Take Home Exercise 3

Putting Visual Analytics into Practical Use

JUNQIU NI
2022-05-15

1. Overview

In this take home exercise, I will focus on second question of Challenge 3 from VAST Challenge 2022 about the financial health of the residents change over the period of the city of Engagement, Ohio USA. I’ll try to visualize the wages compare to the overall cost of living in Engagement and groups that appear to exhibit similar patterns.

2. Getting Started

2.1 Loading R packages

Before we get started, it is important to ensure that the R packages have been installed. If yes, we will load the R packages. If they have yet to be installed, we will install the R packages and load them onto R environment.

The chunk code below will do the trick.

packages = c('tidyverse','lubridate','ggplot2','ggthemes','ggdist', 'ggridges',
             'patchwork', 'hrbrthemes','plotly','ggiraph',
             'ggrepel', 'ggforce','zoo','trelliscopejs')

for(p in packages){
  if(!require(p, character.only = T)){
    install.packages(p)
  }
  library(p, character.only = T)
}

2.2. Importing Data and Data Preprocessing

The code chunk below import “Participants.csv” and “FinancialJournal.csv” from the data folder into R by using read_csv() of readr and save them as an tibble data frame called “participant_data” and .financial_data.

Also, for the timestamp variable in “FinancialJournal.csv”, we use the [zoo] package to change it into the format of year and month.

participant_data <- read_csv("data/Participants.csv")
financial_data <- read_csv("data/FinancialJournal.csv") %>%
  mutate(yearmonth = as.yearmon(timestamp))

The code chunk below shows how to subset the financial data with only wage category.

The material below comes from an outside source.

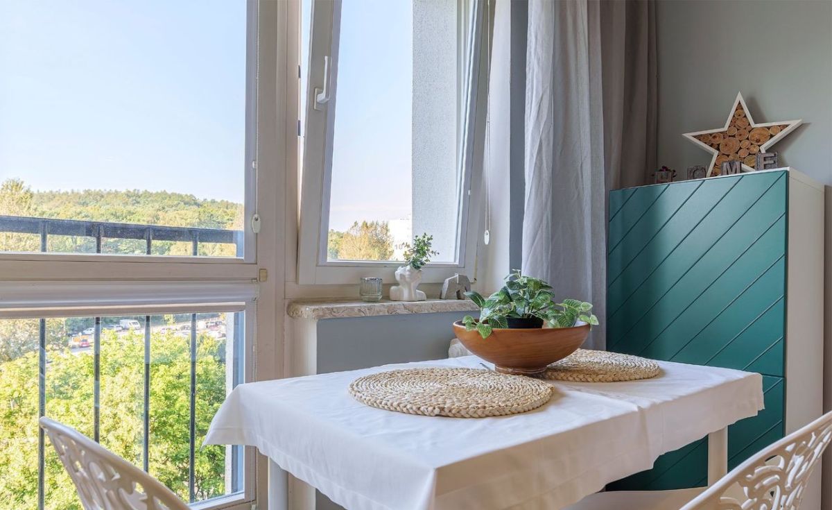 Mieszkanie jest bardzo ciepłe i słoneczne, z ekspozycją południową w pokoju i kuchni. Z okien rozpościera się widok na las, co tworzy kameralny klimat i zapewnia prywatność.

wage=financial_data%>% filter(category == "Wage")

The code chunk below shows another way to create the variable of year and month using [‘lubridate’] package.

# Create year-month column
#financial_data$year_month <- floor_date(financial_data$timestamp,"month")
financial_data$year_month <- format(as.Date(financial_data$timestamp), "%Y-%m")
# Create year-month column
#financial_data$year_month <- floor_date(financial_data$timestamp,"month")
wage$year_month <- format(as.Date(wage$timestamp), "%Y-%m")
bymonth_id <- aggregate(cbind(amount)~year_month+participantId,
             data=wage,FUN=sum)
by_id <- aggregate(cbind(amount)~year_month+participantId+category,
             data=financial_data,FUN=sum)

A Density Plot showing the wage distribution

ggplot(data=wage, 
       aes(x = amount, colour = year_month)) +
  geom_density()+ 
  theme_ipsum()

A Ridge Plot showing the wage distribution over the period

ggplot(bymonth_id, aes(x = amount, y = year_month)) +
  geom_density_ridges(scale = 1) + 
  theme_ridges()

A Ridge Plot comparing the wage and cost distribution over the period

ggplot(by_id, aes(x = amount, y = year_month, fill=category)) +
  geom_density_ridges(scale = 1) + 
  theme_ridges()

To compare the wage and cost, We can also add an interactive label to the graph showing the percentage of each category of cost over the wage of a participant. However, girafe package does not work well with geom_density_ridges function. Further work needs to be done to improve this problem.

Interactive density graphs using trellis

The below code shows how to visualize the density graph of wage over the period by particiapntId using trellis.

ggplot(data=wage, aes(x = amount, colour = year_month)) + geom_density()+ facet_trelliscope(~ participantId, nrow = 2, ncol = 5, width = 450, path=“trellis/”, self_contained = TRUE) + theme_bw()

There is still a problem to show it in R markdown because the trellis file is too big, the output file can be seen in the attached folder of assignment submission.

Interactive bar chart comparing the wage and cost over the period

The below code shows how to visualize the overall wage and cost over the period with a stacked bar chart using geom_bar_interactive and girafe. Howerver, the code has a problem to show on R markdown. The problem also needs to be solved later.

p=financial_data %>% ggplot(aes(x=year_month, y=amount,fill=category)) + geom_bar_interactive(position=“stack”, stat=“identity”) + ggtitle(“Wage and Cost”) + theme_ipsum()

girafe(
ggobj = p,
)